はじめに
山ごはんの道具選びは軽さや使いやすさに目が行きがちですが、最優先は安全です。テントや山小屋の中でバーナーを使うとCO中毒の危険があり、NITEも繰り返し注意を呼びかけています。本記事ではバーナー・クッカーの選び方に加え、密閉空間での燃焼が招くCO中毒リスクと換気の徹底を中心に解説します。
道具の全体像
登山用の調理道具は熱源(バーナー)・調理器具(クッカー)・燃料の組み合わせで選びます。
| 項目 | 選ぶときの視点 |
|---|---|
| バーナー | 燃焼方式で重量・寒冷地対応が変わる |
| クッカー | 人数・調理内容に合う容量と収納サイズ |
| 燃料 | 携行量と気温(低温時の火力低下) |
| 使用場所 | 屋外の換気のよい場所が大原則。密閉空間では絶対に使わない |
具体的な重量・容量・火力などの製品仕様はモデルや改定で変わるため、購入時は各メーカーの最新の公式情報を確認してください。
選び方の基本
バーナーは山行スタイル(日帰り・テント泊・雪山)に合わせた燃焼方式で、クッカーは人数分の調理量とバーナーとの相性(五徳の形状・安定性)で選びます。詳しい選定基準は姉妹記事の登山用バーナーの選び方・登山用クッカーの選び方に譲りますが、共通するのは「屋外で使う前提で選ぶ」という原則です。YAMAPストアも「必ずテントの外でおこなってください」を基本ルールとしています。
使い方の手順
1. 使う前に場所を決める
屋外の風通しのよい場所を確保し、テント内・山小屋の個室・車内は候補から外します。
2. ガス漏れと接続を点検する
ガス缶と本体の接続部のゆるみ・損傷を使用前に確認し、異臭や音がしたら使用を中止します。
3. 換気を確保しながら調理する
空気がこもりやすい場所は避け、燃焼中も換気状態を意識し続けます。
安全と手入れ
テント・山小屋内での一酸化炭素中毒
もっとも注意すべきは、テントや山小屋など密閉空間での火器使用によるCO中毒です。

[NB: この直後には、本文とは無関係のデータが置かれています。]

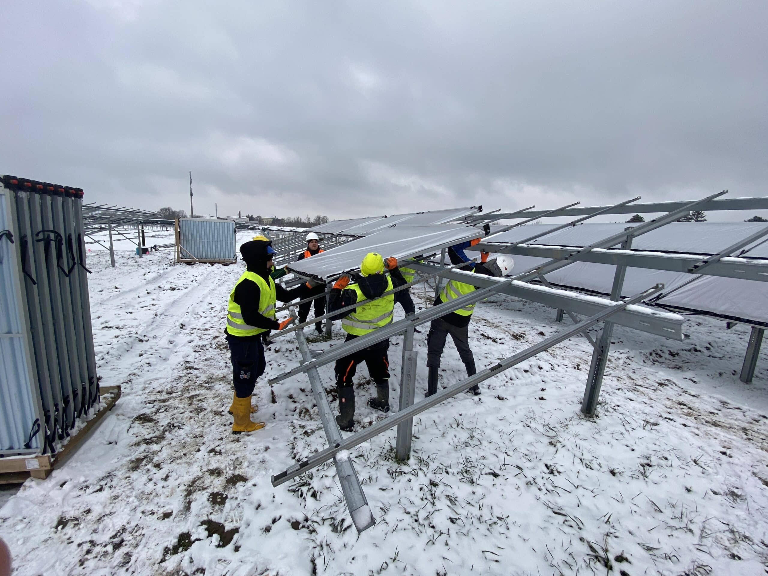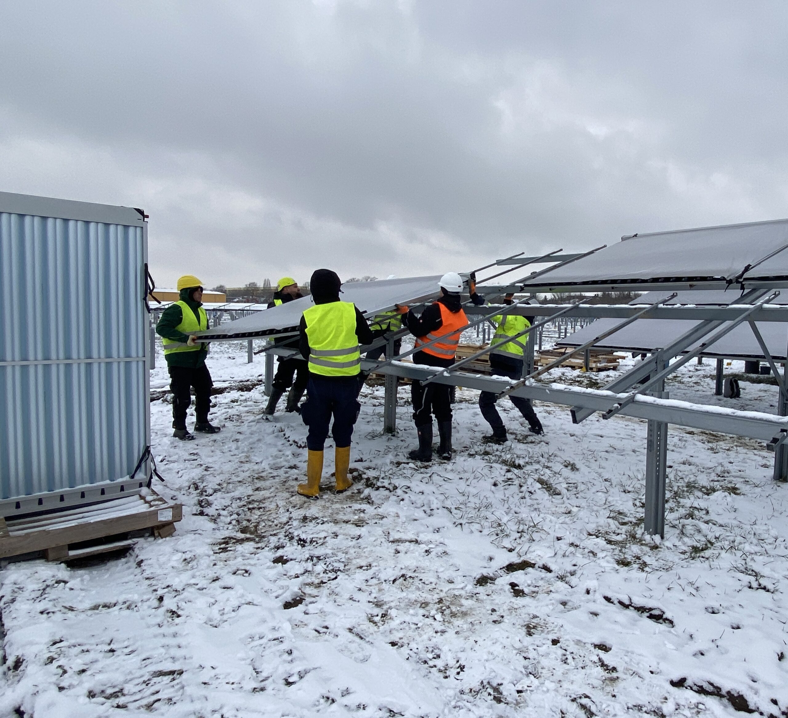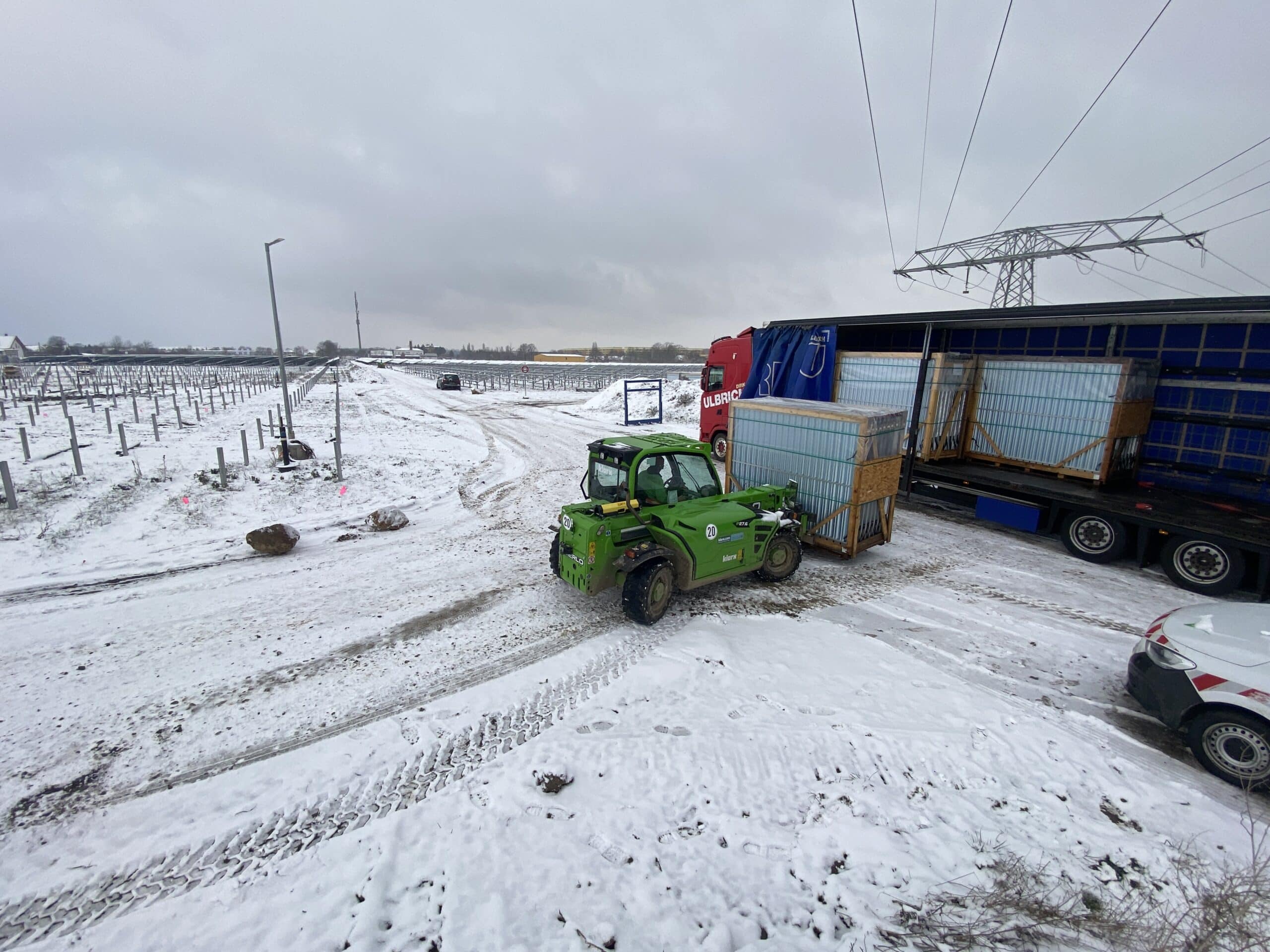 Die Baustelle der größten Solarthermie-Anlage Deutschlands in Leipzig zeigt sich derzeit in winterlicher Kulisse. Doch trotz Schnee und Kälte laufen die Bauarbeiten unvermindert weiter – und das nach Plan.

NITEの再現実験では、換気の不十分な場所でたき火や調理を行うとCO濃度が上昇し中毒に至るおそれがあるとして、必ず屋外の換気のよい場所で行うよう注意喚起しています。NITEの公表資料によれば、2008〜2012年度の5年間にアウトドア用品による製品事故は40件あり、うちバンガロー内で七輪を使用しCO中毒で2人が死亡した事例があります。新潟県・妙高山でも、テント内で固形燃料を使用していたとみられる登山者がCO中毒で死亡しており(山と溪谷オンライン)、シングルバーナーでも完全燃焼には1時間あたりドラム缶約10本分の新鮮な空気が必要で、酸素不足だと不完全燃焼によりCOが発生します。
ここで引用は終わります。